Well, let's find out shall we? Set up a honeypot private list containing a collection of free mail accounts, then cycle through the account every week checking for spam and making some postings to keep the traffic up. Enough with the armchair anthropology, already!

...

More rapidly than the anti-spam hacks in many ways. I sure wouldn't depend on them never doing this.

I agree. That's because we're in an arms race here. Email harvesters are probably evolving faster than the countermeasures because of the tendency to deploy one countermeasure and forget about it.

...

I'm not sure what we'd do if they did, either, but some aspects of it have happened to me in small ways, just not from the major spamhacks.

So basically you need to deploy a countermeasure, monitor it's effectiveness, and deploy another when it fails. Repeat for as long as you consider it important, or can tolerate not resorting to private archives, and establishing better trust relationships with the subscribers.

...

Fact is, if they want your subscribers, they can get them. Or more correctly, your subscribers that post -- but if everyone lurks in fear, why hav a mail list?

I think we all need to take a deep breath and say 'It's only junkmail'. They're not spending up large on your credit card or pouring sugar into your gas tank.

...

The question is, what can we do to make it as tough as we can for the spammers, without screwing it up for us (as admins) or our list users. If only because the harder we make it for them to hack us, they more likely they'll go somewhere else that's easier to crack...

Right. So let's go with contact forms for list admins, and slashdot style, per user configurable address mangling for the archives. Let's do a little research into the ongoing effectiveness of these methods, too, so we know when it's time to implement something more expensive.

...

On the other hand, if Mailman does become the de-factor mail list standard, or one of a couple of key list servers, you can bet the spam ahcks will focus on it, because if they can crack the code, they can crack a LOT of lists really fast. So we have the potential to become a target of our success, and we should be aware of that.

It's probably one of the top three or four already. Do listserv and majordomo admins have a major spam problem?

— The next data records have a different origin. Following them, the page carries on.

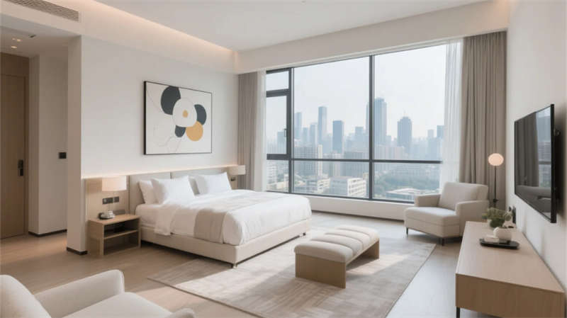 这个民宿项目坐落于合肥,设计灵感源自现代简约理念,强调空间的纯净与自然融合。整体风格以中性色调为主,运用浅木和石材元素,搭配大面积落地窗,让自然光自由流淌,营造出宁静而通透的氛围。八个功能区相互衔接:接待大厅以木质柜台和舒适等候区迎接宾客;客房注重隐私与舒适,简约家具提升休憩体验;餐厅和公共休息室鼓励社交互动,绿植点缀增添生机;室外露台和泳池区连接城市景观,提供休闲放松空间;活动室灵活多变,支持多元用途。每个区域都避免繁杂装饰,细节处体现精致工艺,如柔和灯光和天然材质,让客人在简约中感受温暖。项目致力于打造一个逃离喧嚣的避风港,融入合肥的自然环境,光影交织间,传递出静谧而优雅的生活美学,为旅途增添诗意停留。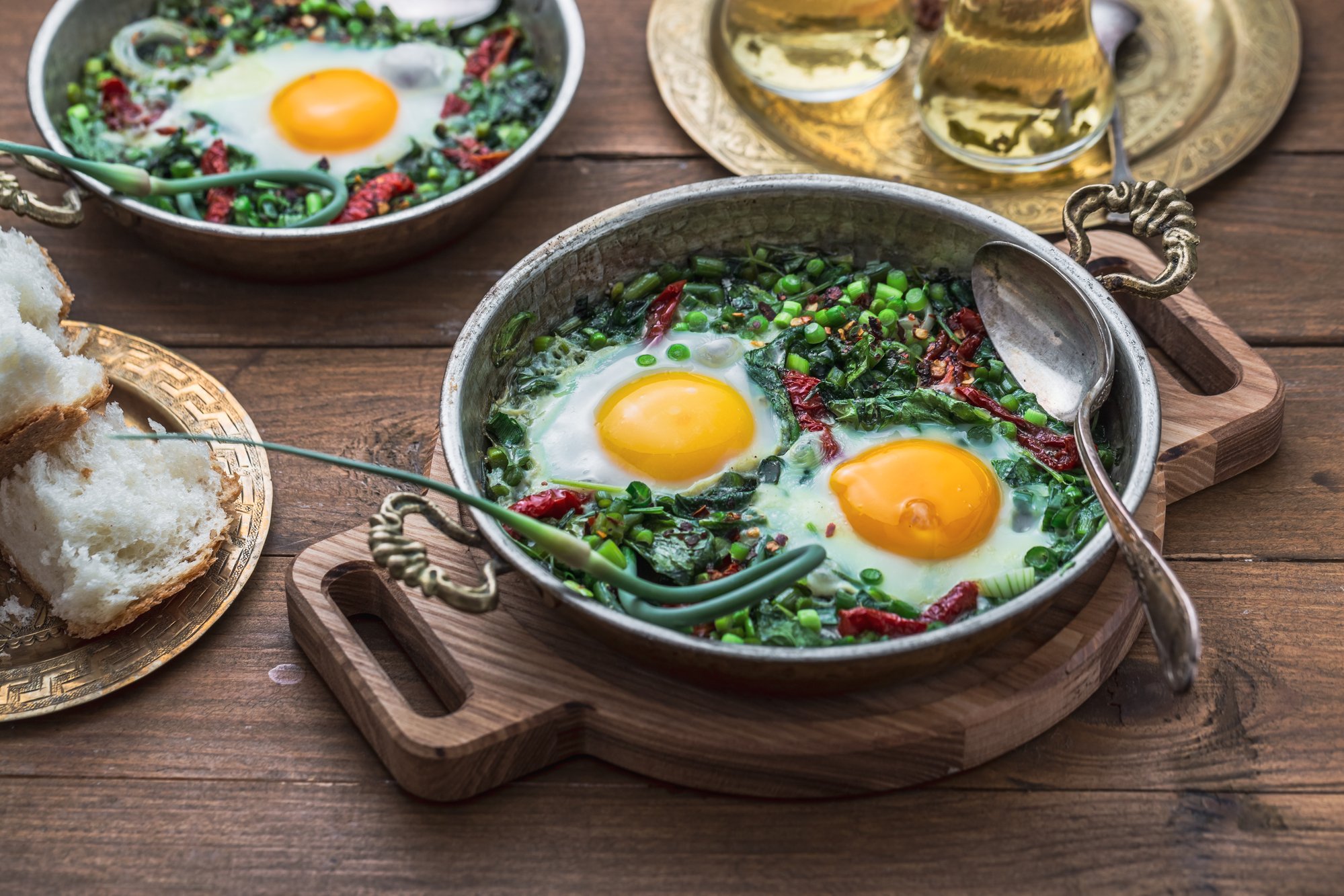 На выходные всегда есть немного больше времени на приготовление завтрака, поэтому грех не попробовать эту зеленую шакшуку. Блюда из яиц и зеленых овощей — это хороший источник белка, витаминов и минералов.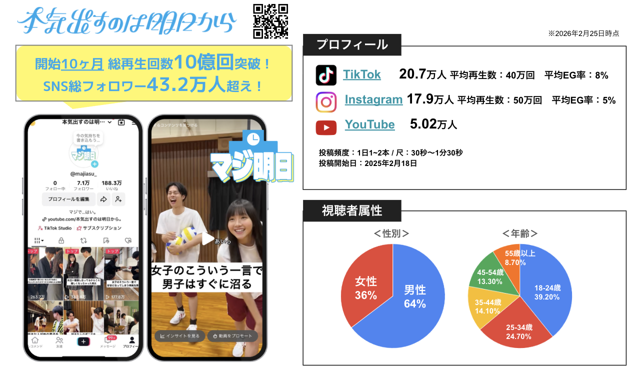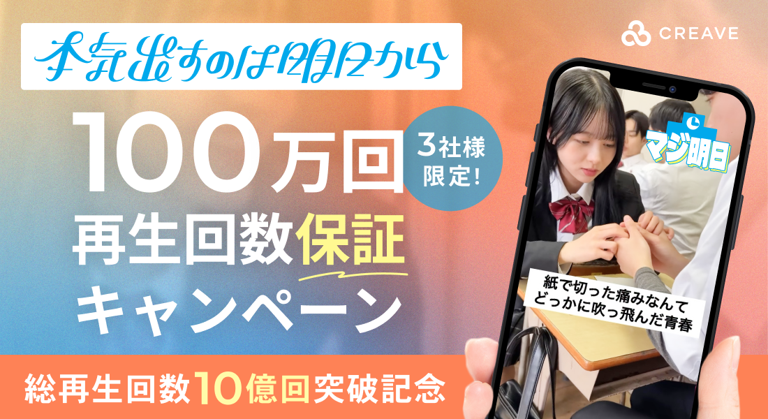 株式会社CREVEが手がける、バーチャルショートドラマを活用した自社IP『本気出すのは明日から”マジ明日”』のSNSアカウント開始10ヶ月で総再生回数10億回、フォロワー数40万人を突破したことを記念し、3社様限定「再生回数保証タイアップ投稿」キャンペーンを開始致しました。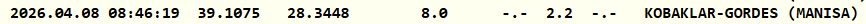 Kandilli Rasathanesi saat 08.46'da Manisa'nın Gördes ilçesinde 2.2 büyüklüğünde deprem meydana geldiğini duyurdu. Verilere göre depremin derinliği 8.0 kilometre ölçüldü.

The two above techniques will work fine. If I, as a list subscriber feel that the signal to noise ratio is dropping, I can change my address mangling scheme. Hiding the otherwise web published list admin address behind a form should just about protect it by that vector for all time as it will just never be worthwhile hitting a collection of forms when you can get vast lists of addresses elsewhere.

(of course you have to publish the mailing list address, so you can deduce the admin address from that...:-)

...

But what happens when other groups get smart too, and clean up the low hanging fruit? Depending on that to protect us is a false security, basically no better than the old security-by-obscurity issue. Given port scanners and the like, there IS no obscurity from the crackers any more.

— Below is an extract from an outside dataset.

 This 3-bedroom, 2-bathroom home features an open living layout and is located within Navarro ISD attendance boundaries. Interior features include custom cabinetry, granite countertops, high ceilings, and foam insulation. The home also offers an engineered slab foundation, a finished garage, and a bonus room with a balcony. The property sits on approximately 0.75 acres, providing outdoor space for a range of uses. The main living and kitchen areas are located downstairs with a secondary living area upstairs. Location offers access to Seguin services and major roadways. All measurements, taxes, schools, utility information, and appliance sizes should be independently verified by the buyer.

The problem with obscurity as a security tool is that it's not reliable. You may as well assume that one day your secret will be out, so the decision as to where and how to deploy it needs to be made based on the cost of obscuring, the cost of having the information revealed, the cost of reimplementing the system to replace the obscured part, and the size of the window of opportunity created before you can fix the problem.

Passwords, passphrases, keys and so forth are all examples of security through obscurity. They work because it's very easy to replace them; they work most effectively in systems that are good at detecting that they've been compromised. Striping identity strings from network daemons is another security through obscurity technique. No one would rely on it to protect them, but it does make the job harder for attackers and easier for the defenders - they have to try a lot more things to detect what software is behind the port, or just brute force it with known attacks, greatly increasing the detection and response time available to defenders.

Obscurity is useful. In our case, it's the only prevention tool we have. Email addresses are not secrets, but we still want to protect them from the bad guys while making them available to the good guys. We will never solve this problem. Even if you made all the subscribers sign a contract promising not reveal the addresses of the list membership to non-subscribers, and had reason to trust that they where not spammers. Someone could always go over to the dark side. An outlook virus could alway be used as the spam vector. And so on.

The best we can do here is implement something simple now that gets the job done, and continuously test it to see if it's still good enough. When it's not, we build another countermeasure.

John

Peter C. Norton

5:30 p.m.

New subject: Can someone change the subject?

OK, the original article has long ago ceased to be an interesting one, and the conversation in general has veered towars raw flamage. Please, whoever wants to continue this please change the subject to read something like "overblown flamewar".

-Peter

-- The 5 year plan: In five years we'll make up another plan. Or just re-use this one.

Chuq Von Rospach

5:36 p.m.

New subject: Interesting study -- spam on postedaddresses...

On 2/21/02 5:25 PM, "John Morton" <jwm@plain.co.nz> wrote:

...

...
Nobody has bothered to do this YET. That we know of. But the spamhacks are evolving rapidly.

Well, let's find out shall we? Set up a honeypot private list containing a collection of free mail accounts, then cycle through the account every week checking for spam and making some postings to keep the traffic up. Enough with the armchair anthropology, already!

Um, John? I've been doing that for months. It's a standard tactic I use to test for archive harvests. No offense, but given I'd already thought of the "subscribe and harvest" attack, wouldn't you think I also would have looked for ways to detect it?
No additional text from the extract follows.